> [TASK BRIEF]
Restate every entry verbatim; drop the pictures.

+++ SUPPLIED DATA

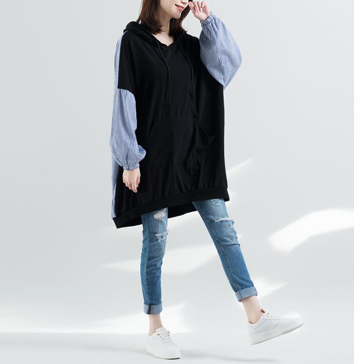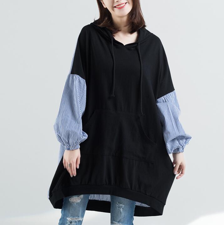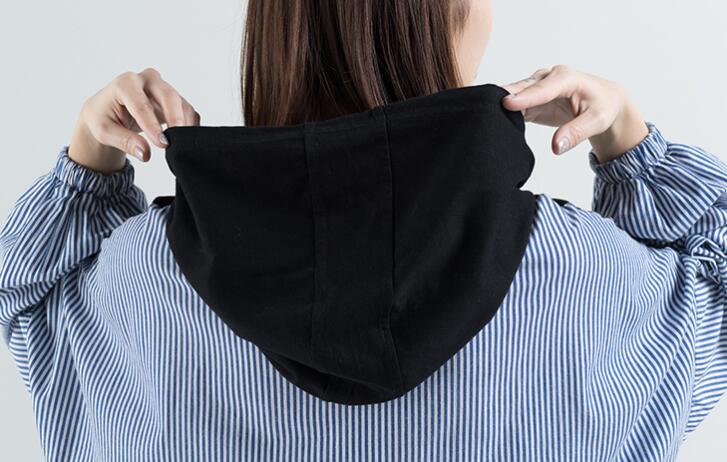 パーカートレーナースウェット切り替えフードストライプボリュームシャツレディース長袖
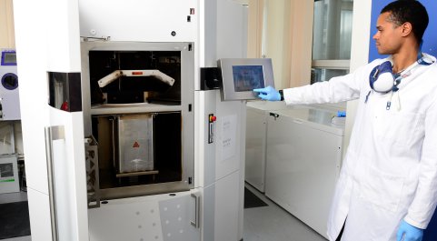 The MSK Lab has an EOS P110 Formiga SLS (selective laser sintering) 3D Printer. This process sinters powdered nylon-12 (PA 2200) to produce 3D objects.
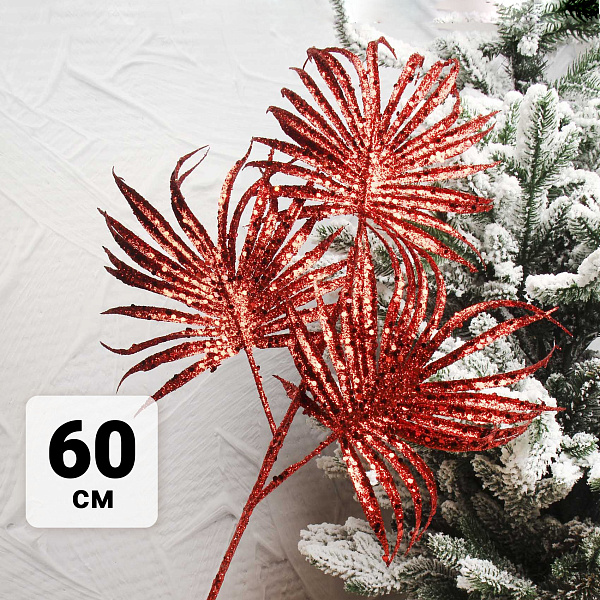 Украшение декоративное Ветка пальмовая рапис с глиттером красная лофт 60см
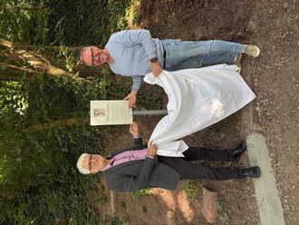 Germersheims Bürgermeister Marcus Schaile (rechts im Bild) und Sondernheims Ortsvorsteher Andreas Müller enthüllten am vergangenen Sonntagnachmittag eine Gedenktafel in Erinnerung an Otto Bügel, der die Marienstätte Zeit seines Lebens mit Hingabe gepflegt hatte. Fotos: SNelles | Stadt Germersheim
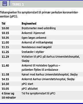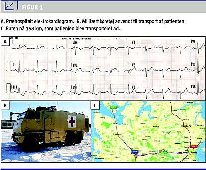 En 64-årig mand, der havde haft hypertension og sjældne anfaldsvise brystsmerter igennem tre år, fik torsdag den 7. januar 2010, kl. 10.00, voldsomme brystsmerter med udstråling til begge arme efter at have skovlet sne i en time på sin arbejdsplads. Den gennemsnitlige snedybde var 65 cm i patientens hjemby, Hvidbjerg ved Thyholm, og politiet frarådede al udkørsel pga. sne og snefygning med drivedannelse på over en meter. Patienten søgte hjem, og hans hustru ringede kl. 10.15 til egen læge, der straks alarmerede 112. Egen læge ankom til fods på patientens adresse kl. 10.35 og gav præhospital behandling med nitroglycerin og magnyl, anlagde venflon samt optog 12-afledningers-elektrokardiogram (ekg) (Figur 1 A). Pga. snemængderne disponerede alarmcentralen over et militærkøretøj, der var lokaliseret ved Falck i Hurup. Kl. 11.00 ankom militærkøretøjet til patientens hjem (Figur 1B) og fragtede egen læge og patienten gennem sneen til et rendezvous med lægebilen fra Holstebro. Lægebilen mødte den pansrede mandskabsvogn kl. 11.15, og ambulancelægen kørte med militærkøretøjet mod Holstebro. Kl. 11.29 modtog Herning Sygehus et telemedicinsk ekg fra ambulancen og videresendte dette til Aarhus Universitetshospital, Skejby, via GSM-nettet. Ekg'et viste ST-eleva-tioner i afledning I og afledninger, der tydede på et anteriorlateralt myokardieinfarkt.
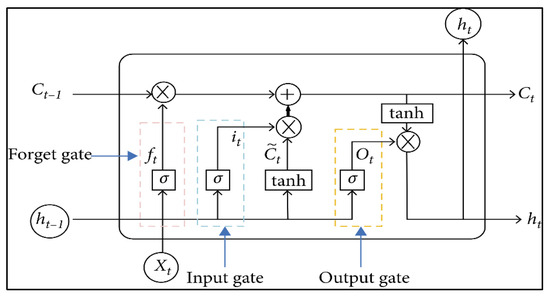 where is the at the forget gate and ; is the weight at forget gate; is the bias at forget gate; is the current input value; is the output at previous moment; is the candidate cell state at the input gate, where is the weight at the input gate; is the bias at the input gate; is the weight at the candidate input gate; is the bias at the candidate input gate; the updated current cell state is ; is the output at the output gate; is the weight at the output gate; is the bias at the input gate; and is the final output of the LSTM [38].
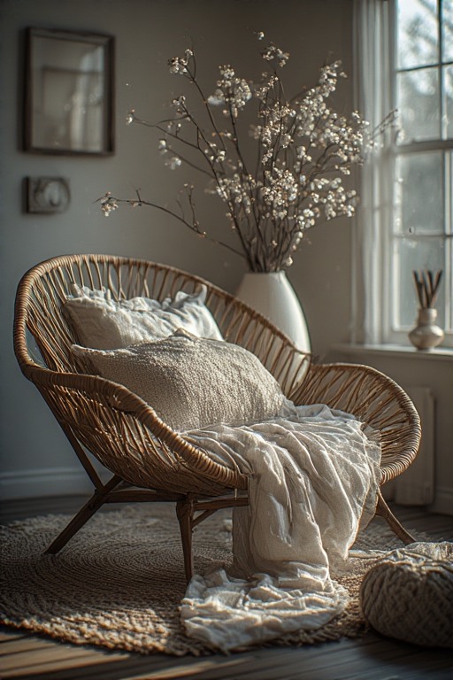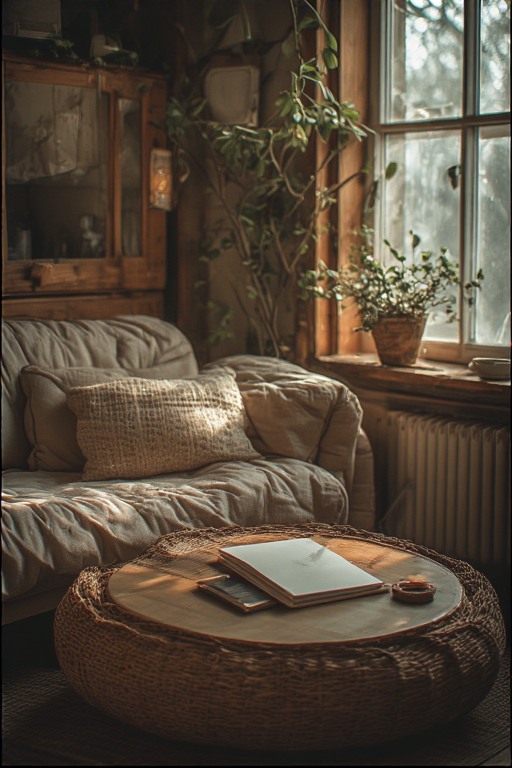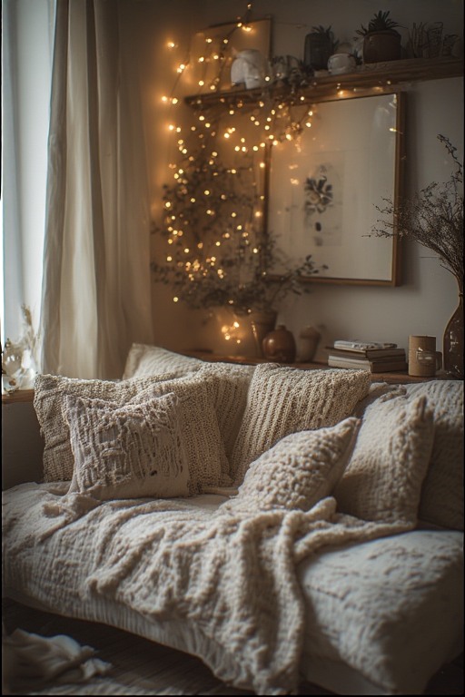 Sudut Nyaman dengan Cahaya Lembut dan Tekstur Hangat
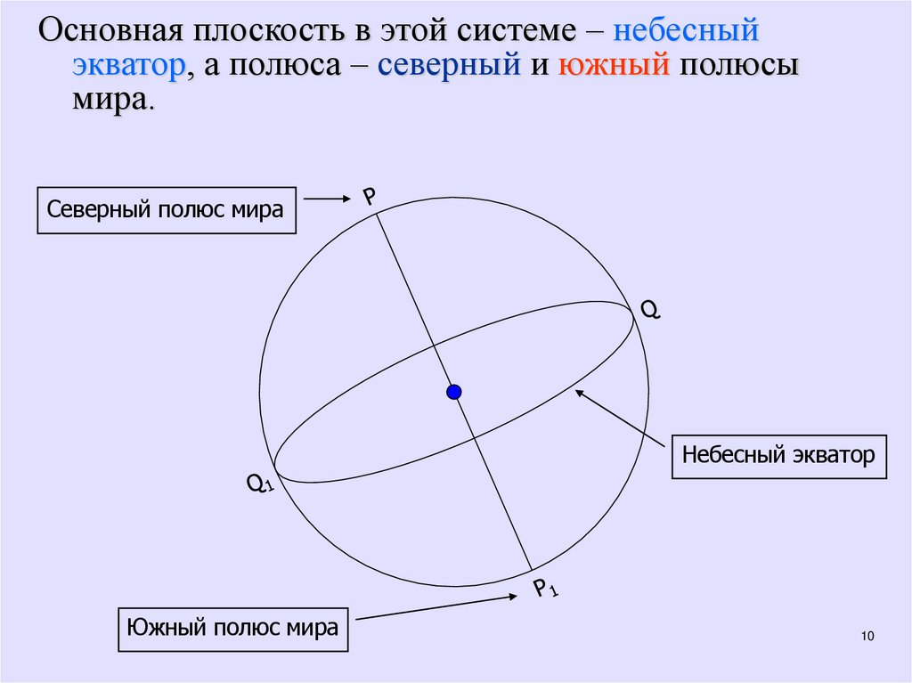 Основная плоскость в этой системе – небесныйэкватор, а полюса – северный и южный полюсы
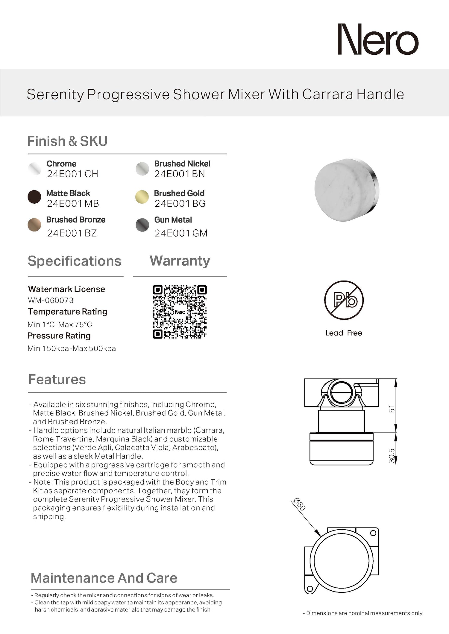 Nero Serenity Progressive Shower Mixer With Carrara Handle uses a progressive cartridge for intuitive single-handle adjustment of water flow and temperature.
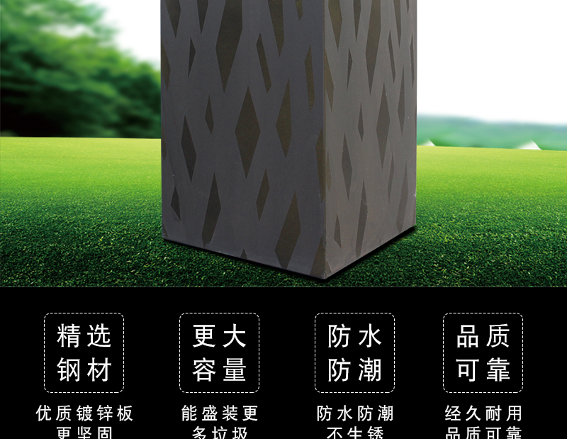 【品名】三分類垃圾桶 【品牌】 中星 【材質(zhì)】優(yōu)質(zhì)鍍鋅板 【內(nèi)膽】鍍鋅板、不銹鋼 【制作工藝】選用優(yōu)質(zhì)不銹鋼鋼板裁剪、壓制、折彎后再焊接而成型 【噴涂工藝】垃圾桶經(jīng)磷化噴砂處理后采用戶...

++++++

> [TASK OUTPUT]
 パーカートレーナースウェット切り替えフードストライプボリュームシャツレディース長袖
 The MSK Lab has an EOS P110 Formiga SLS (selective laser sintering) 3D Printer. This process sinters powdered nylon-12 (PA 2200) to produce 3D objects.
 Украшение декоративное Ветка пальмовая рапис с глиттером красная лофт 60см
 Germersheims Bürgermeister Marcus Schaile (rechts im Bild) und Sondernheims Ortsvorsteher Andreas Müller enthüllten am vergangenen Sonntagnachmittag eine Gedenktafel in Erinnerung an Otto Bügel, der die Marienstätte Zeit seines Lebens mit Hingabe gepflegt hatte. Fotos: SNelles | Stadt Germersheim
 En 64-årig mand, der havde haft hypertension og sjældne anfaldsvise brystsmerter igennem tre år, fik torsdag den 7. januar 2010, kl. 10.00, voldsomme brystsmerter med udstråling til begge arme efter at have skovlet sne i en time på sin arbejdsplads. Den gennemsnitlige snedybde var 65 cm i patientens hjemby, Hvidbjerg ved Thyholm, og politiet frarådede al udkørsel pga. sne og snefygning med drivedannelse på over en meter. Patienten søgte hjem, og hans hustru ringede kl. 10.15 til egen læge, der straks alarmerede 112. Egen læge ankom til fods på patientens adresse kl. 10.35 og gav præhospital behandling med nitroglycerin og magnyl, anlagde venflon samt optog 12-afledningers-elektrokardiogram (ekg) (Figur 1 A). Pga. snemængderne disponerede alarmcentralen over et militærkøretøj, der var lokaliseret ved Falck i Hurup. Kl. 11.00 ankom militærkøretøjet til patientens hjem (Figur 1B) og fragtede egen læge og patienten gennem sneen til et rendezvous med lægebilen fra Holstebro. Lægebilen mødte den pansrede mandskabsvogn kl. 11.15, og ambulancelægen kørte med militærkøretøjet mod Holstebro. Kl. 11.29 modtog Herning Sygehus et telemedicinsk ekg fra ambulancen og videresendte dette til Aarhus Universitetshospital, Skejby, via GSM-nettet. Ekg'et viste ST-eleva-tioner i afledning I og afledninger, der tydede på et anteriorlateralt myokardieinfarkt.
 where is the at the forget gate and ; is the weight at forget gate; is the bias at forget gate; is the current input value; is the output at previous moment; is the candidate cell state at the input gate, where is the weight at the input gate; is the bias at the input gate; is the weight at the candidate input gate; is the bias at the candidate input gate; the updated current cell state is ; is the output at the output gate; is the weight at the output gate; is the bias at the input gate; and is the final output of the LSTM [38].
 Sudut Nyaman dengan Cahaya Lembut dan Tekstur Hangat
 Основная плоскость в этой системе – небесныйэкватор, а полюса – северный и южный полюсы
 Nero Serenity Progressive Shower Mixer With Carrara Handle uses a progressive cartridge for intuitive single-handle adjustment of water flow and temperature.
 【品名】三分類垃圾桶 【品牌】 中星 【材質(zhì)】優(yōu)質(zhì)鍍鋅板 【內(nèi)膽】鍍鋅板、不銹鋼 【制作工藝】選用優(yōu)質(zhì)不銹鋼鋼板裁剪、壓制、折彎后再焊接而成型 【噴涂工藝】垃圾桶經(jīng)磷化噴砂處理后采用戶...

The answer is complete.